= Exercise objective =
Reproduce every record exactly as it appears, but not the pictures.

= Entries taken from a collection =
────
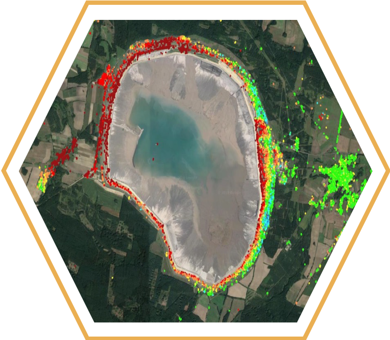 Servicio satelital SAR de interferometría, el cual permite identificar asentamientos o desplazamientos con una precisión milimétrica.
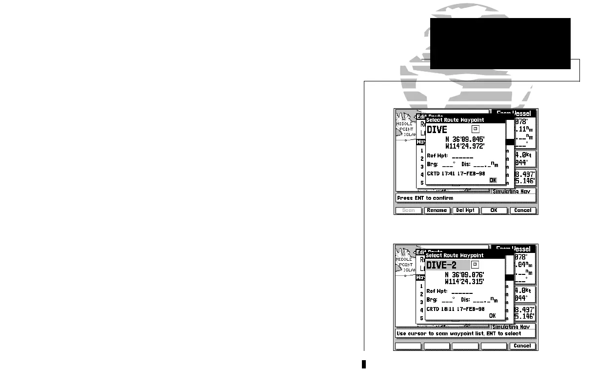 1. Select the Edit Route window using either method described on page 42.
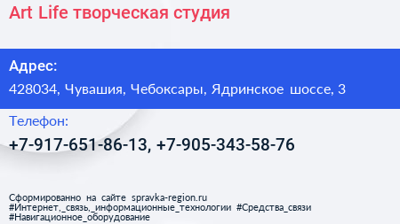 Art Life, творческая студия по адресу 428034, Чувашия, Чебоксары, Ядринское шоссе, 3 в дальнейшем Организация, размещена в следующих категориях:
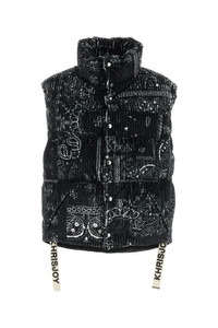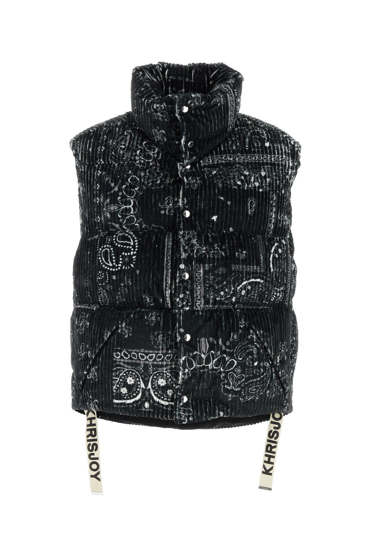 Oversize sleeveless down jacket realized in quilted pure cotton corduroy characterized by peculiar print on the entire surface enriched by logoed fabric laces on the hemline. - High neck - Buttons closure at the front - Two slit pockets at the front - Lined DETAILS Exterior: 100% Cotton Lining: 100% Polyester Padding: 80% Down 20% Feathers Made In Italy Sample size: 1
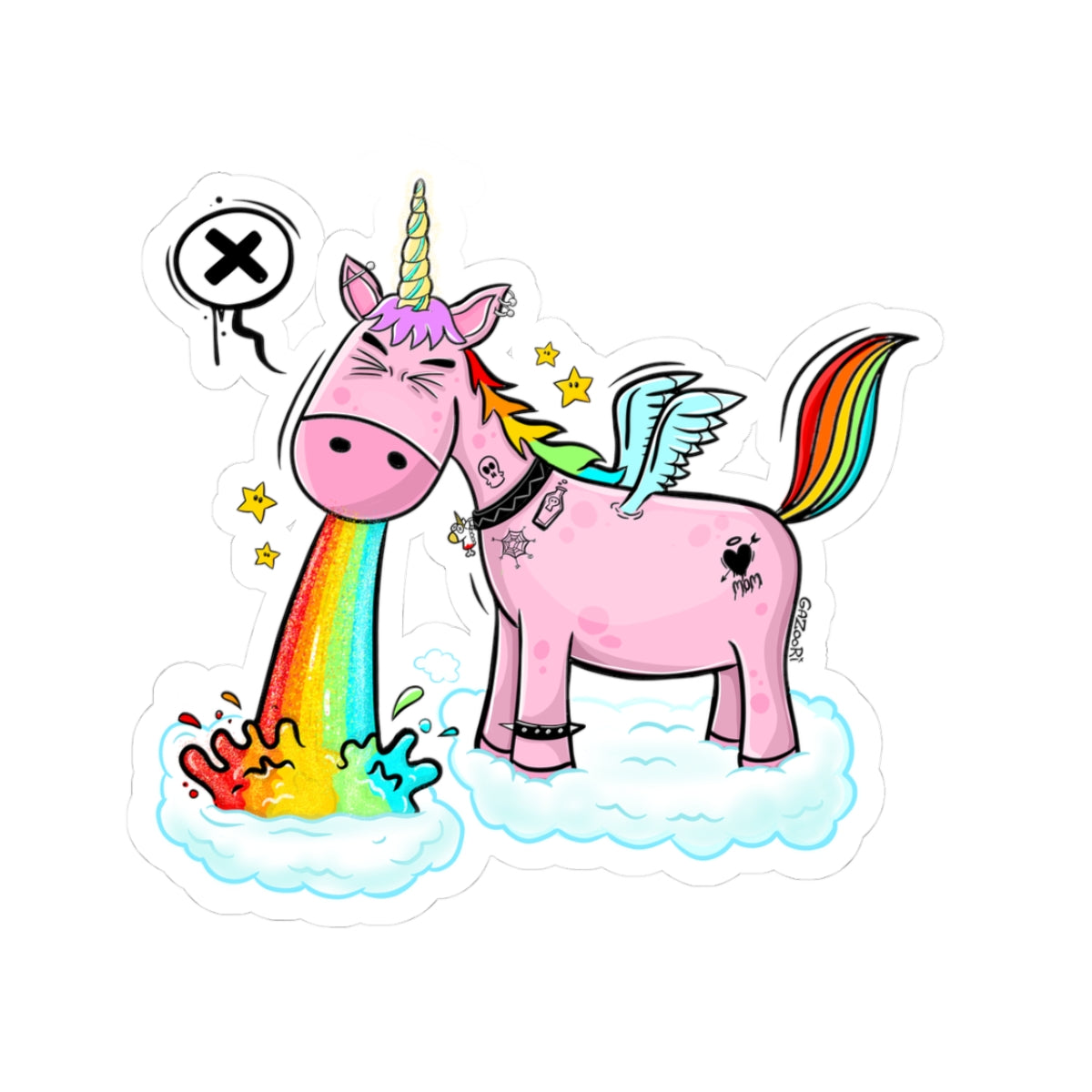 Forget the fairytales — this unicorn doesn’t sparkle, it pukes rainbows. A pastel pink misfit with wings, stars, and a little too much attitude, turning cute magic into messy chaos. It’s sarcastic, colorful, and perfectly weird — the anti-princess mascot you never knew you needed. A street-art twist on fantasy that’s equal parts hilarious and unhinged.
────
= Response to the exercise =
 Servicio satelital SAR de interferometría, el cual permite identificar asentamientos o desplazamientos con una precisión milimétrica.
 1. Select the Edit Route window using either method described on page 42.
 Art Life, творческая студия по адресу 428034, Чувашия, Чебоксары, Ядринское шоссе, 3 в дальнейшем Организация, размещена в следующих категориях:
 Oversize sleeveless down jacket realized in quilted pure cotton corduroy characterized by peculiar print on the entire surface enriched by logoed fabric laces on the hemline. - High neck - Buttons closure at the front - Two slit pockets at the front - Lined DETAILS Exterior: 100% Cotton Lining: 100% Polyester Padding: 80% Down 20% Feathers Made In Italy Sample size: 1
 Forget the fairytales — this unicorn doesn’t sparkle, it pukes rainbows. A pastel pink misfit with wings, stars, and a little too much attitude, turning cute magic into messy chaos. It’s sarcastic, colorful, and perfectly weird — the anti-princess mascot you never knew you needed. A street-art twist on fantasy that’s equal parts hilarious and unhinged.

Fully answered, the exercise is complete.